Scott: So, Stuart, you’ve done, what, 15, 20 laps now? How has the simulator prepared you for actually driving the Ferrari on the track?
Stuart: So, first of all, circuit familiarity, to be able to get that time away from the circuit and pound round and do plenty of laps so we know which way the circuit is heading, that’s a major benefit to start off with. The software that we used is very, very close to the circuit layout, matching braking differences, speed and corner geometry so it’s very, very good indeed.
Scott: So you’re using Assetto Corsa software, right?
Stuart: Yeah, that’s right.
Scott: So I downloaded this as well because I wanted to practise the circuit as well. As I mentioned, I’ve never been here to the Valencia circuit, it’s one of the few tracks that I’ve not been to. And although it’s not a scanned circuit, it is very close, all the kerbs look the same, the bumps are in the right place, so you get that feeling that you get when you’re actually driving on the circuit. So we’re going to head out, we’re going to spend the rest of the day testing here at the track and we’ll come back a little bit later to see how close we really get to the sim time versus the time in the real world.
So we’re just at the end of the day, the end of our first test day here at Valencia. It’s actually the first test of the year for Stuart and I and we’ve done over 300 kilometres. So I just wanted to drop in with Stuart, he’s been doing the majority of the driving today and see actually how the sim feeling that you get in his simulator actually relates to the car.
Scott: So in terms of the braking in the rotation in the car, would you say that’s pretty similar?

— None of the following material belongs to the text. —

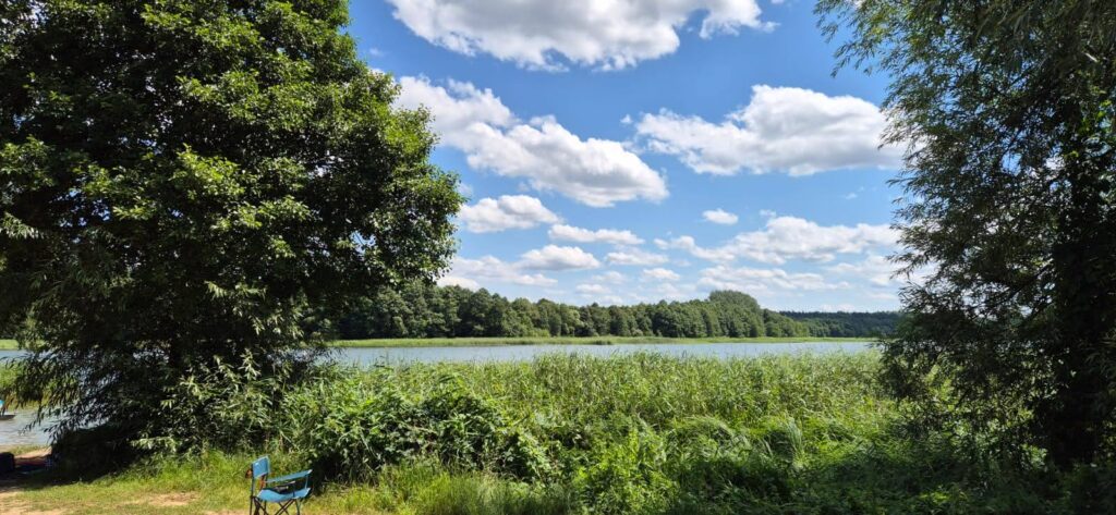 Środa to nasz ostatni dzień w Iławie – w czwartek wyciągamy łódź i wracamy do domu. Na dziś zaplanowaliśmy kameralne plażowanie i zwiedzanie. W Łąkorzu oddalonym o 20 km od Iławy znajduje się zabytkowy wiatrak holenderski, stara kuźnia oraz małe lokalne muzeum. Zwiedzanie możliwe jest po wcześniejszym umówieniu się z kustoszem Panem Janem Ostrowskim: 509 980 320. Na plażę nad jeziorem Łąkorz docieramy bez problemów. Jest nowy pomost, boisko do siatkówki, długie łagodne zejście do wody i czyściutka woda. Ajra może schronić się w cieniu drzew. Jest bardzo kameralnie.

Stuart: Yeah, I think it’s very, very close. Obviously, there are levels of grip and adhesion that can change throughout the day with weather conditions but I think it’s very, very close. I was running 139 eights on the sim, I’ve done 140 actually on circuit so it’s well within two-tenths of that time, which is quite close, isn’t it?
Scott: That’s amazing. Would you say that the difference between the sim and the track, we say all the minimum corner speeds in the corners, very similar, the gears are similar, the braking points are similar?

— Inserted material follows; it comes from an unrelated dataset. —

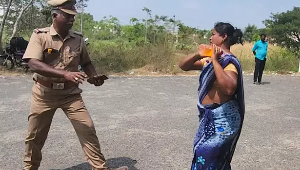 பெட்ரோல் ஊற்றி தீக்குளிக்க முயன்ற பெண்ணை போலீசார் தடுத்து நிறுத்திய காட்சி.

Stuart: Yeah, the gears certainly match the corners. There’s been no difference there at all pulling out the corners and certainly the geometry of apexes and how the actual track layout is. I mean you can tell by the physical and the sim times how close it is. It’s really, really close and very, very accurate indeed.
Scott: So one thing that we’re noticing here in the real world testing at the circuit is that the tyre wear and the way the balance changes from front to rear, the rears go off very, very quickly in the real world. So I wanted to ask Stuart about whether that actually is replicating where the tyre model is working like that in the simulation, whether it’s actually close to what we’re experiencing.
Stuart: Yeah, so, real-world, obviously, it’s a pretty heavy car, GT car, has quite a bit of power, punishes the rears quite heavily on a twisty circuit even more so. Again, remarkably that is matched on the sim. So the sim is obviously building that into the process and on a session, you are getting that tyre drop off the same as you would physically when you’re driving the car.
Scott: Yeah and I agree with that. I felt that experience from driving the sim as well and I mean, it just goes to show you that the sim isn’t just for learning circuits. You know, I often hear real-world drivers say, well, I just use it for learning circuits, but not much more. With working with Stuart on the sim and various other drivers, we’re discovering that actually the tyre models are so accurate now that we can work on when the balance disappears in the car as the tyres gradually degrade going through a session and also stuff on technique, on how you trail brake and building that rhythm as the driver and maximizing the performance of the car.